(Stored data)
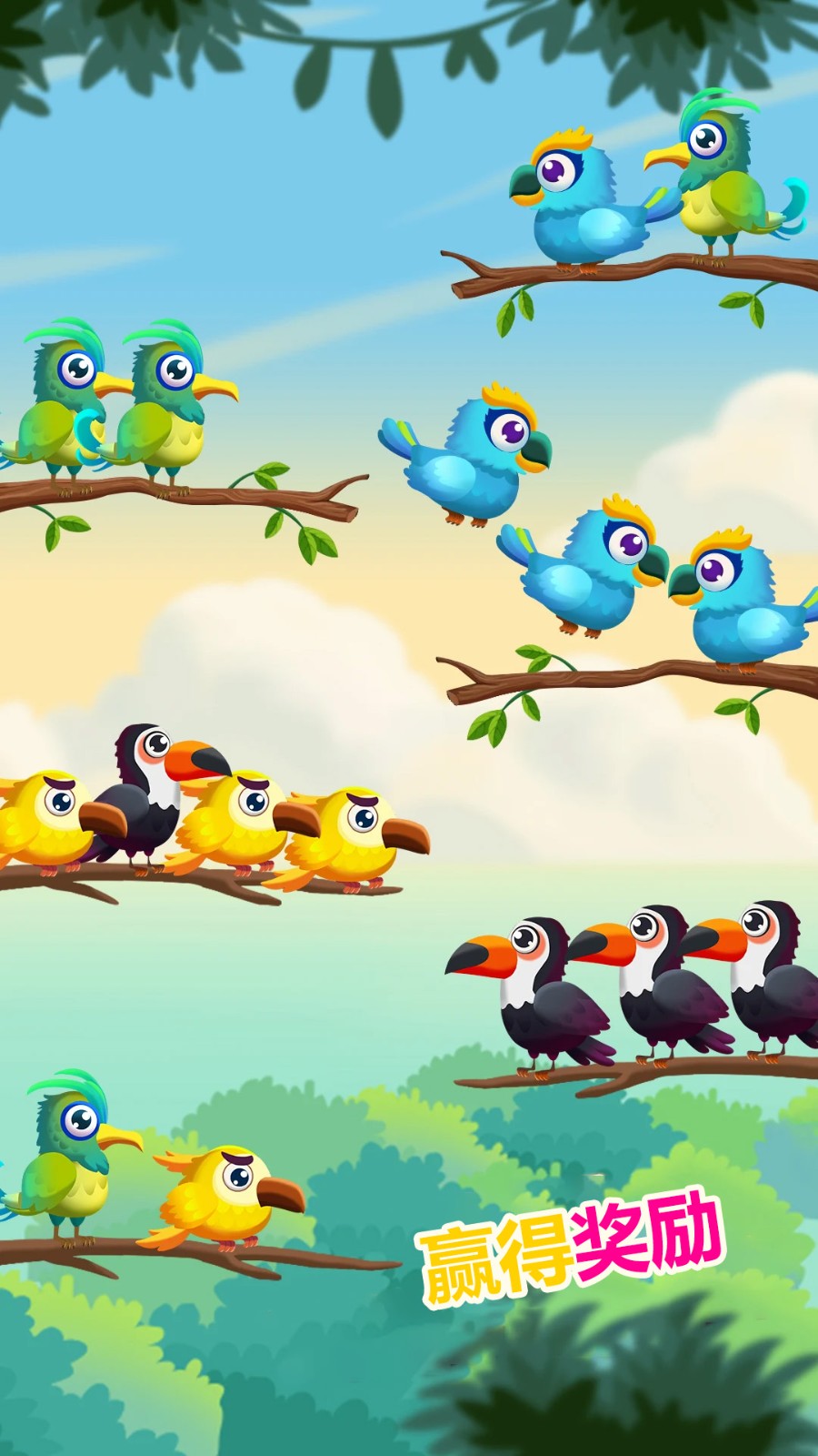 1.在树枝上对相同颜色的鸟进行分类,这不仅考验玩家的观察力,也锻炼了色彩辨识能力。
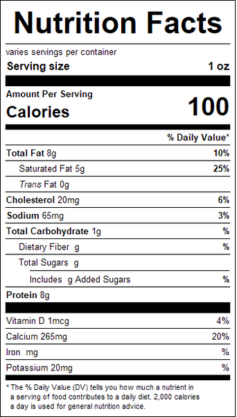 "ingredients": "PASTEURIZED MILK, CULTURES, ENZYMES, SALT",
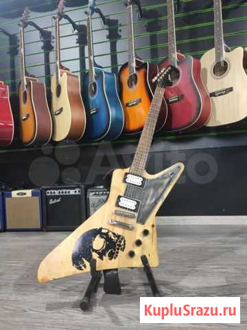 Электрогитара формы Explorer Стоят новые хамбакеры "Artec" Новые струны. Чехол + запасной ремень в подарок -Форма корпуса электрогитары explorer -Материал корпуса: Липа -Материал грифа клен -Накладка: палисандр -Количество ладов 22-Схема звукоснимателей H-H Состояние: новое.
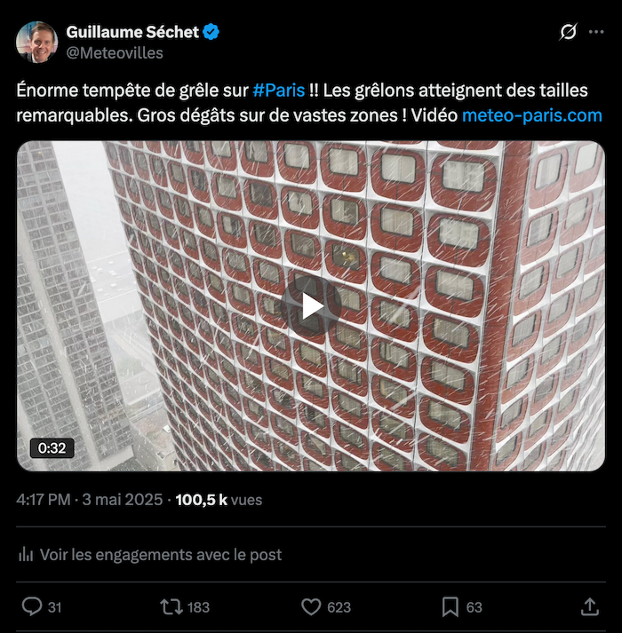 Vidéo de la grêle depuis une tour de Beaugrenelle (Paris 15e)
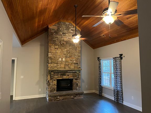 3BR 2B on 2.16 Acres. Approximately 1800sqft. Has kitchen, living room with vaulted wood ceiling, floor to ceiling rock fireplace, laundry room, dining area, front and back porch area. Central heating & air. Interior floors have been recently refinished and interior was recently painted as well.
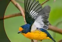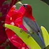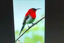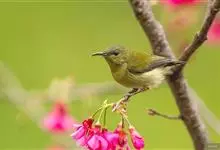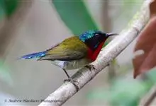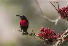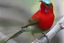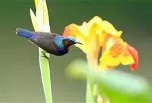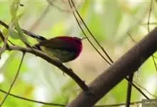 绿喉太阳鸟:共有9个亚种。小型鸟类,雄鸟体长13-15厘米、雌鸟10-12厘米。雄鸟前额至后颈、颏和喉辉绿色,头侧黑色,颈侧和背暗红色,两肩、下背橄榄绿色,腰鲜黄色,尾上覆羽和中央尾羽暗绿色,…全部>>
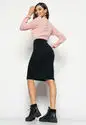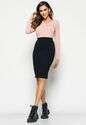Blusa Gola V Manga Longa Canelada Rosa Claro
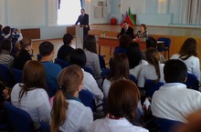 Профориентационная встреча учащихся 10-11 классов с участием заместителя руководителя Главы муниципального образования М.И. Ксенофонтовым, заместителем начальника МКУ "Управление образования" ИК ЧМР" Новиковой И.А., главным врачом города и Чистопольского муниципального района В.Х.Хамитовым с приглашением студентов Казанского государственного медицинского университета Министерства здравоохранения РТ.
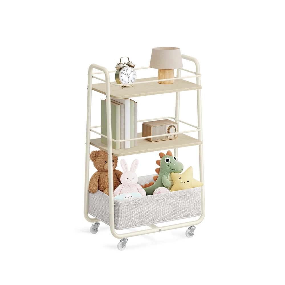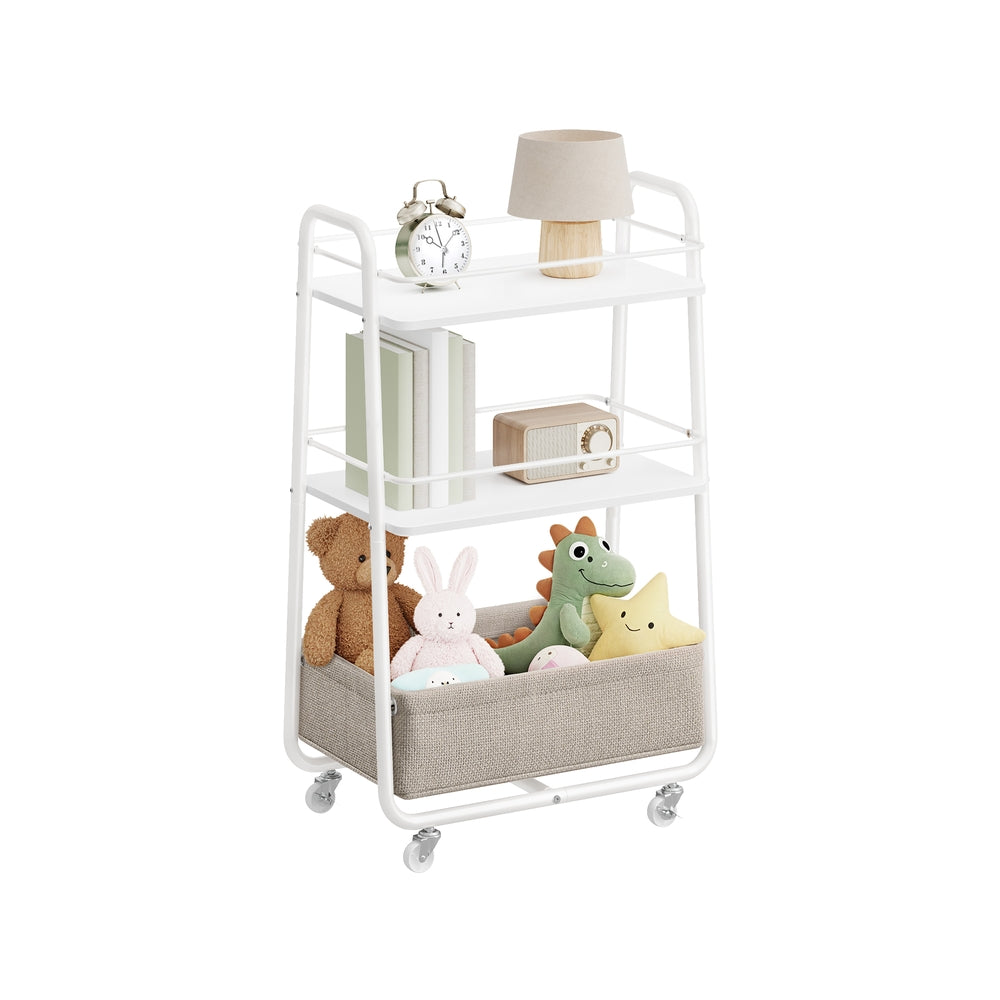 VASAGLE Rolling storage trolley with fabric basket and shelves

Exercise details: Your copy should consist solely of the lines from the line containing "Vidéo de la" through the last line of the records above, reproduced exactly, with the pictures left out.

Solved problem:
 Vidéo de la grêle depuis une tour de Beaugrenelle (Paris 15e)
 3BR 2B on 2.16 Acres. Approximately 1800sqft. Has kitchen, living room with vaulted wood ceiling, floor to ceiling rock fireplace, laundry room, dining area, front and back porch area. Central heating & air. Interior floors have been recently refinished and interior was recently painted as well.
 绿喉太阳鸟:共有9个亚种。小型鸟类,雄鸟体长13-15厘米、雌鸟10-12厘米。雄鸟前额至后颈、颏和喉辉绿色,头侧黑色,颈侧和背暗红色,两肩、下背橄榄绿色,腰鲜黄色,尾上覆羽和中央尾羽暗绿色,…全部>>
Blusa Gola V Manga Longa Canelada Rosa Claro
 Профориентационная встреча учащихся 10-11 классов с участием заместителя руководителя Главы муниципального образования М.И. Ксенофонтовым, заместителем начальника МКУ "Управление образования" ИК ЧМР" Новиковой И.А., главным врачом города и Чистопольского муниципального района В.Х.Хамитовым с приглашением студентов Казанского государственного медицинского университета Министерства здравоохранения РТ.
 VASAGLE Rolling storage trolley with fabric basket and shelves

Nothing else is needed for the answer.